Whole-state nonlinear sharding	`nonlinear_sharding_strong_scaling_large.{json,csv,png,pdf}`	Correctness and profiler-direction evidence for the current `pjit` state-axis layout.	Production nonlinear multi-GPU speedup.
Prototype nonlinear state-domain gate	`nonlinear_domain_parallel_identity_gate.{json,png}`	Fail-closed serial-vs-halo-decomposed identity evidence for one bounded local stencil, including the embedded transport-window proxy traces.	Distributed FFT, field-solve, production conservation, transport-runtime, or speedup claims.

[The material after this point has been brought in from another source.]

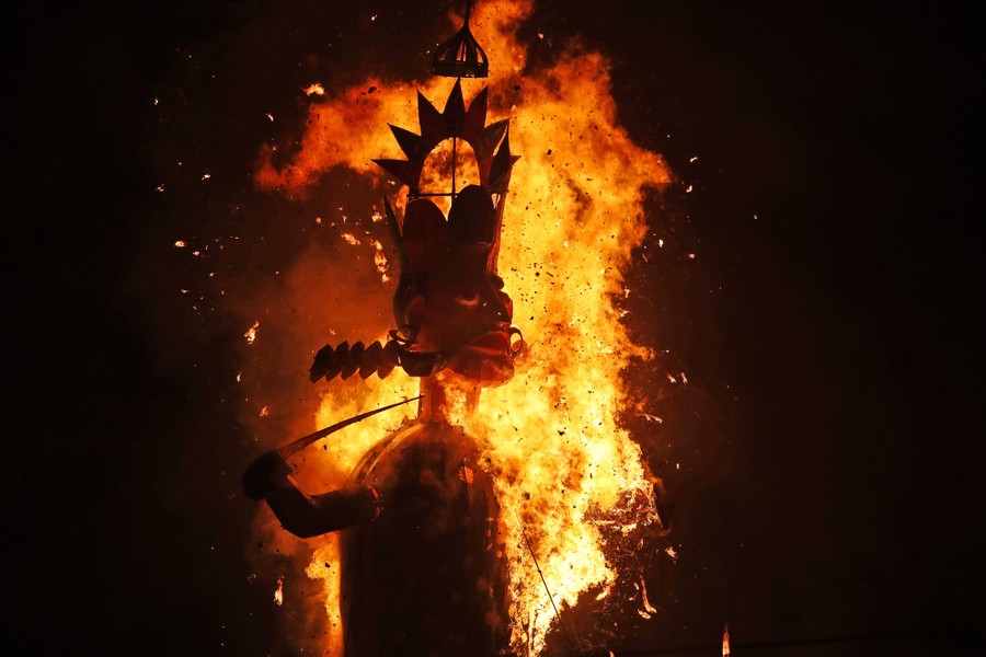 Read moreAn effigy of the mythological demon king Ravana goes up in flames, marking the end of the Dussehra festival in New Delhi, India, on October 8, 2019. Dussehra commemorates the triumph of Lord Rama over the demon king Ravana, marking the victory of good over evil. #

Prototype nonlinear spectral communication gate	`nonlinear_spectral_communication_identity_gate.{json,png}`	Fail-closed split/reassemble identity evidence for FFT round trip, pseudo-spectral bracket, and spectral field-solve layout.	Runtime distributed FFT routing, nonlinear conservation, transport-window, or speedup claims.
Velocity-space linear slices	`linear_rhs_parallel_slices_sweep.{json,png,pdf}`	Bounded engineering evidence for opt-in electrostatic linear RHS slices.	Electromagnetic, linked-boundary, collision, or nonlinear speedup.

Both tools/performance_optimization_manifest.toml and tools/validation_coverage_manifest.toml list these artifacts explicitly. The tests require the manifests, files, and claim scopes to stay synchronized, so deleting or silently reinterpreting a scaling artifact fails the fast parallelization gate.